This is a chapter of mostly whole-grain salads, plus a few other items that you can keep in the fridge for days at a stretch. Most are probably best for lunch, although it’s hard to argue with a grain salad and some creamy hummus for a dinner without much fuss in the warmer months. Still, most of these dishes can be made on the weekend, saved in the fridge in sealable containers, and relished throughout the week for midday meals.
And that’s a great thing—because lunch all too frequently gets squeezed by all sorts of constraints, some of your own making, some not. You end up with a subpar sandwich on the run or a wilted salad at your desk. There’s little to savor in any of that.
Too bad. Eating is not only about sustenance. It’s fundamentally about pleasure. Yes, when we taste something wonderful, we sense the saliva in our mouths and the gurgle in our stomachs. But we might not know about other, less familiar reactions: chemicals in the brain that set us up for anticipation and fulfillment from our mouths to our stomachs.
Did you know you have as many neurons lining your digestive track as exist up in your head? Things don’t just taste good. They feel good—because of the release of a powerful neurotransmitter from your head to your stomach: dopamine, common across a huge spectrum of life, vertebrates to invertebrates. Among other things, it stimulates voluntary movement. See a fly, swat it, and thank dopamine. But it also sets up a reward-based pleasure principle in the digestive track—and all the way back up to the brain.

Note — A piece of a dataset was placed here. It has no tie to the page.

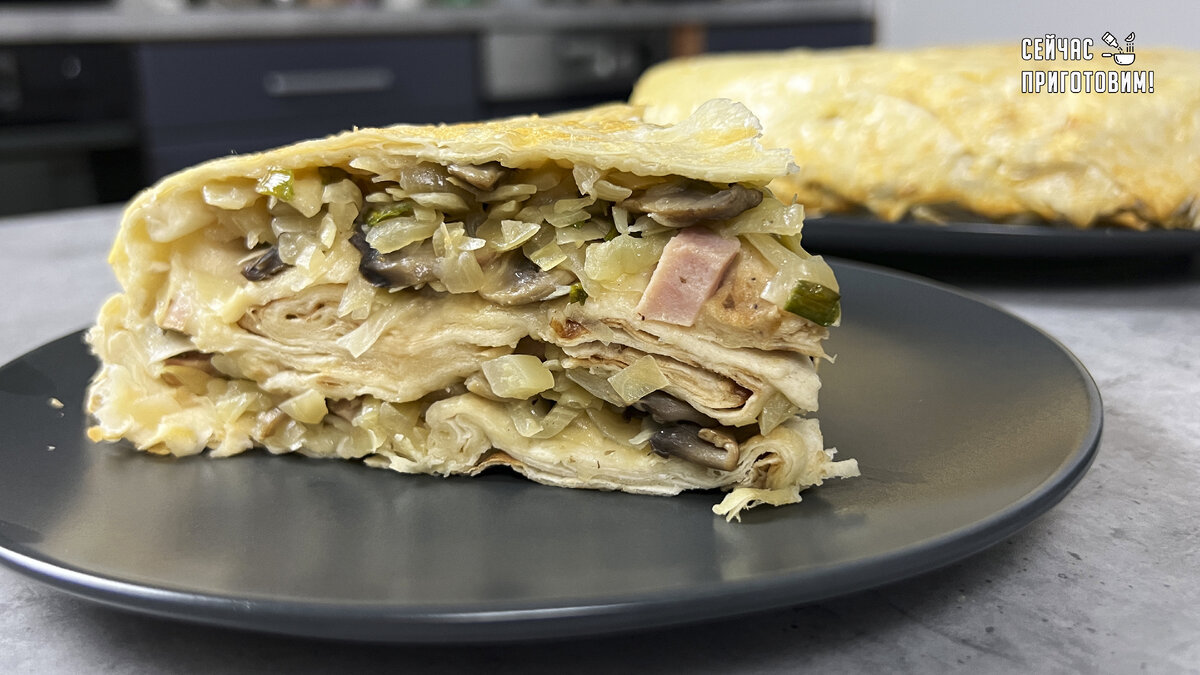Иногда не хочется часами стоять у плиты, а провести больше времени с семьей. Но побаловать родных чем-нибудь вкусненьким просто необходимо. Пирог из лаваша можно считать идеальным изобретением для тех, у кого постоянно не хватает времени на приготовление вкусной выпечки. Причем, как несладкой, так и сладкой. Давайте готовить: Шампиньоны обжариваем на сухой сковороде до испарения жидкости. На сковородку наливаем немного растительного масла. Нарезаем лук и добавляем к грибам, перемешиваем и готовим до прозрачного состояния лука. Добавляем капусту и готовим до полуготовности капусты. За несколько минут до готовности добавляем соль, перец по вкусу. Перемешиваем и снимаем с огня. Нарезаем ветчину и добавляем к овощам. Добавляем зеленый лук и перемешиваем. Смазываем сковороду растительным маслом и выкладываем 2 листа лаваша крест на крест. Выкладываем половину начинки. Готовим заливку. Соединяем 2 яйца и стакан кефира. Лист лаваша рвем на кусочки и смачиваем в кефире. Выкладываем на начинку

And how does this feel-good, warm-and-fuzzy dopamine make its appearance? First, it gets triggered by our personal, culinary histories. When we taste something delicious, we ping the brain’s hippocampus, our memory center. If we find tastes that match or are analogous to previously pleasurable ones, that ping sets off the Rube Goldberg cascade of chemicals that finally leads to dopamine all the way down the body.
Second, dopamine is triggered by chewing. Moving our jaws, we signal the vagus nerve to start firing. (It’s pronounced VAY-gus, as in Las Vegas.) That nerve is the single link between those up-top neurons and the ones in our digestive tracks. By chewing, we give the vagus nerve permission to release more of the pleasurable stuff.
Put simply, we eat because food feels good. If we ever intend to solve our overeating dilemmas in the modern world, it’s because we’ll embrace the very root of tasting and eating—that is, pleasure—and not run away from it. And here’s where whole grains play a crucial role: They offer big tastes and lots of chew in every spoonful. What’s more, every bite is laying down a good memory of better food for the years to come.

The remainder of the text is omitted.